PK IN SWEDEN

PK IN SWEDEN

Monday, November 4, 2013

A GRATEFUL PASTOR

There's a time for every season- a time to laugh, a time to cry, a time to be born, and a time to die. There's a time to say "yes," a time to say "no," a time to hang on... a time to let go. There's a time for everything under the sun... and now is the time for me to say "thank you" to the members of my church family... who surprised me with a Pastor Appreciation Potluck (we're big on potlucks) last evening.  They blessed Sherry and me with their generosity and their thoughtfulness, and we are very grateful! We enjoyed food and fellowship, and we left with our arms full of cards and gifts. The gifts were thoughtful, and I received enough cash to buy a golf pass next spring... but it was the appreciation and love that really touched my heart.

Seth wrote, "Thank you for being my pastor, teaching me about God, and being funny and nice," and Olivia added, "Pastor Kenn, I love you so much." Seth and Olivia are two of my favorite kids, and their words are like treasure to me. One of our members called me his friend, and another couple thanked me for "making this church a 'family' again." Actually, a number of people commented about the changes that have occurred in the church, and I thank them for their affirmation.

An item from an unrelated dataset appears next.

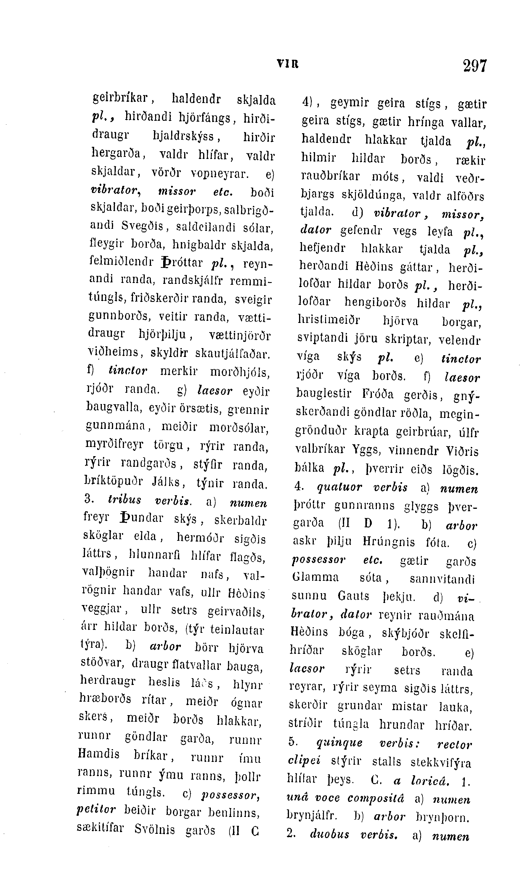 5.     quinque verbis: reclor clipei síýrir stalls stekkvifýra hlílar þeys. C. a loricá, 1. nná voce composilá a) ntwien brynjálfr. b) arbor brynþorn. 2. duobus verbis, a) numen

Maverick (another one of my favorite kids) said I was the "best pastor ever," and several people were kind enough to affirm my sermons. There were many other words that touched both Sherry and me, but I will finish by letting you know how much I valued the cards that affirmed me for "being real" because "being real" is very important to me. When I started my ministry in Joliet, I encountered a woman who was cautious around pastors because she thought they were more likely to "talk the talk" than "walk the walk." She was resistant to pastoral care, but one day my persistence paid off, and she told me that I was the "real deal." The real deal. The real deal. That's really all that I have ever wanted to be, and I pray that my words and deeds will always bear witness to innermost self.

Christ saved me from a living hell. He really did. No one else did... because no one else could. I never even tried to save myself, but Christ saved me anyway. I know this to be true because I was there when it happened. I have many, many shortcomings. I still have too much pride, I tend to be impulsive. I'm impatient, and I should think before (rather than after) I speak. I know all of this and more about myself... but I also know that I am "in Christ," and nothing could ever be more real to me than that! Being talented is a good thing, but it's worthless unless you're real, and being real, on the other hand, is more than enough to get someone's attention, When I was at bottom in my life, Pastor Lu told me that God had forgiven me on Calvary's cross, and that, if I put my trust in Christ, my life would be filled with purpose and joy in this world...and in the next. Now, everyday, I feel an obligation to share the Good News with someone I love... and one of you noted that I had helped a loved one of yours...face death with peace and hope. Thanks for sharing that story with me. It made my day!

It's been five years since I arrived on the river, and I who must offer words of appreciation... to the people of "my" congregation for their support and love. Sherry and I are blessed to be here, and I couldn't imagine being anywhere else. Several of you mentioned transformation in one way or another, and I thank you for that. "Stirring things up," and adding numbers has always been important to me. At one time in my ministry, it was Most Important... but then I came to believe that spiritual growth (growing in Christ) is a greater priority. Inviting others into our church family, helping them grow in their faith- they are both important- but neither is worth much unless we love one another as Jesus loved us. Loving people as we find them, and helping them become their best selves in Christ... is my new priority. Therefore, as I said at the potluck, I see myself more and more as a servant, and less and less as a commander, with each passing day.

YOU have helped me grow as a pastor and as a person, and I thank you for that! As I look through our church directory, I can sincerely say that I love and value each face that I see. For the first time in my journey, I feel the love of God's people. For the first time, I don't even care if the grass is greener somewhere else. I get paid for loving others and being loved in Christ's name! What sort of a fool would turn away from that?